» **What the exercise asks**
Beginning with the line of the entries below that holds "Specificaties BWS Muurprofiel" and ending with the line that holds "毛豆是日本仙台盛產的食材,當", transcribe each line exactly as written. Pictures stay out.

» **Source data**
┄┄┄┄┄┄┄┄┄┄

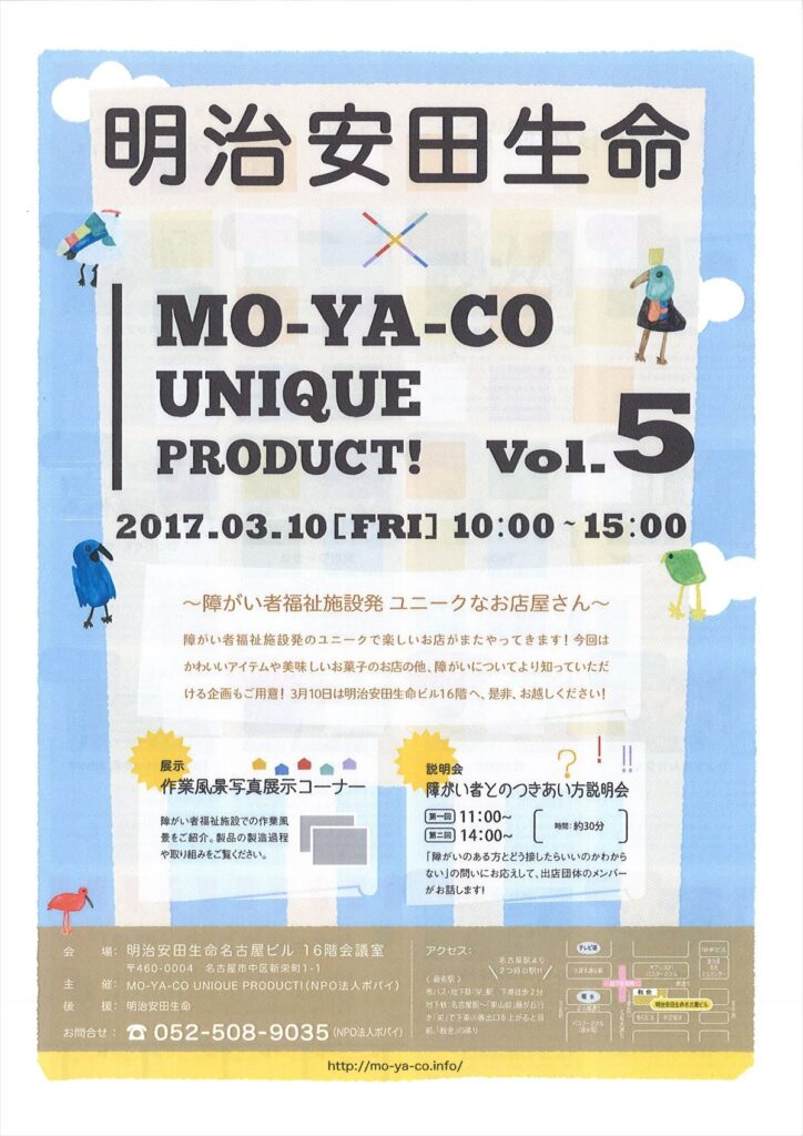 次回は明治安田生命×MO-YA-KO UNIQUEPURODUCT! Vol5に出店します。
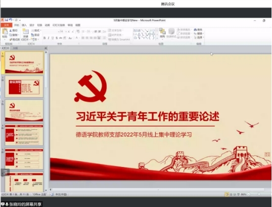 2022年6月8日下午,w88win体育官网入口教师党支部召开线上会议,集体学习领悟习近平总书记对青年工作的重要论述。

┄┄┄┄┄┄┄┄┄┄

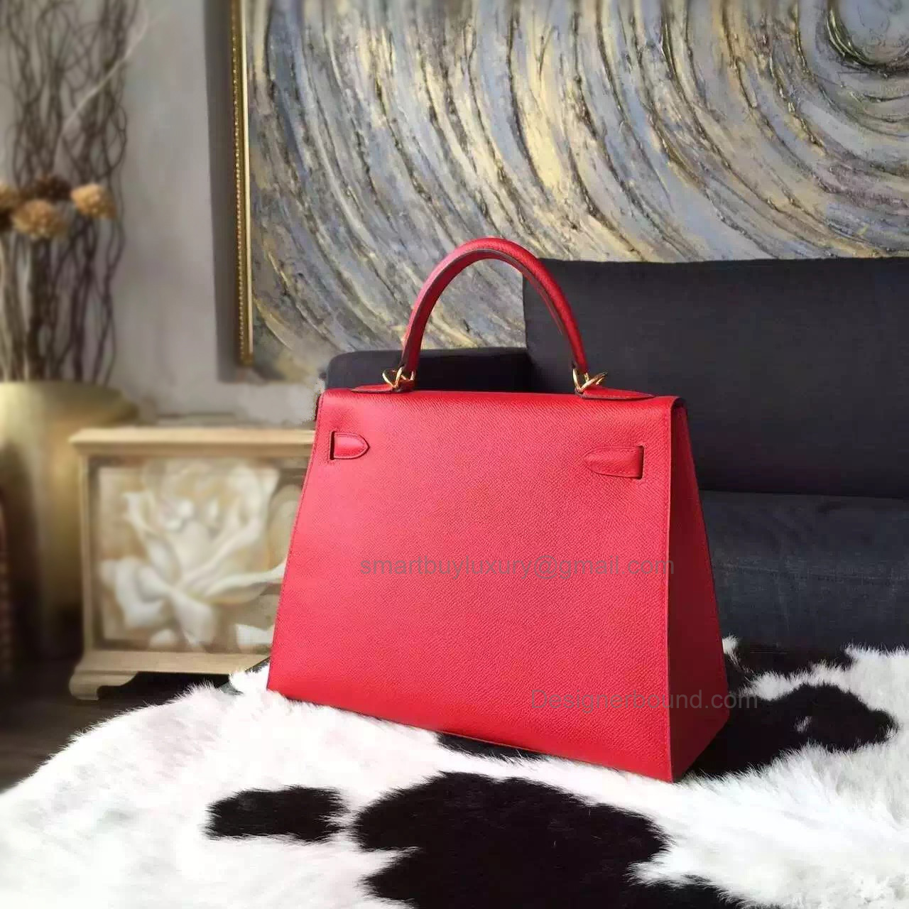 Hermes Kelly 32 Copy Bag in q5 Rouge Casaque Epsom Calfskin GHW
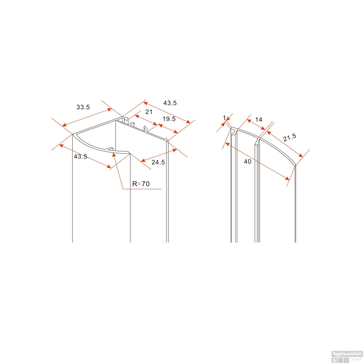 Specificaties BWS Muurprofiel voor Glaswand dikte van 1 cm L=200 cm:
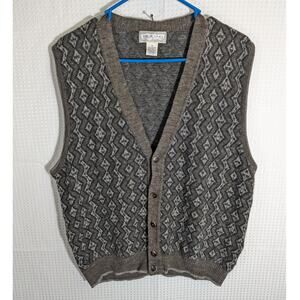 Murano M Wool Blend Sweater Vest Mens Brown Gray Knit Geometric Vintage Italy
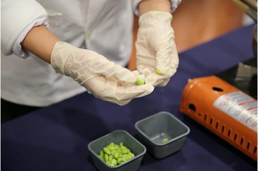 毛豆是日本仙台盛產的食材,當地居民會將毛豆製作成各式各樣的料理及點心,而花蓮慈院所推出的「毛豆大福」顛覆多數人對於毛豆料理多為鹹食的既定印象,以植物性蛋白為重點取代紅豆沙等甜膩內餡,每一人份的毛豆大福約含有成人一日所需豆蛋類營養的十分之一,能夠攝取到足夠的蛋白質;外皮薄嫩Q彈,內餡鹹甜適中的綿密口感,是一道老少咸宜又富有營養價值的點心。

┄┄┄┄┄┄┄┄┄┄

» **Answer box**
 Specificaties BWS Muurprofiel voor Glaswand dikte van 1 cm L=200 cm:
 Murano M Wool Blend Sweater Vest Mens Brown Gray Knit Geometric Vintage Italy
 毛豆是日本仙台盛產的食材,當地居民會將毛豆製作成各式各樣的料理及點心,而花蓮慈院所推出的「毛豆大福」顛覆多數人對於毛豆料理多為鹹食的既定印象,以植物性蛋白為重點取代紅豆沙等甜膩內餡,每一人份的毛豆大福約含有成人一日所需豆蛋類營養的十分之一,能夠攝取到足夠的蛋白質;外皮薄嫩Q彈,內餡鹹甜適中的綿密口感,是一道老少咸宜又富有營養價值的點心。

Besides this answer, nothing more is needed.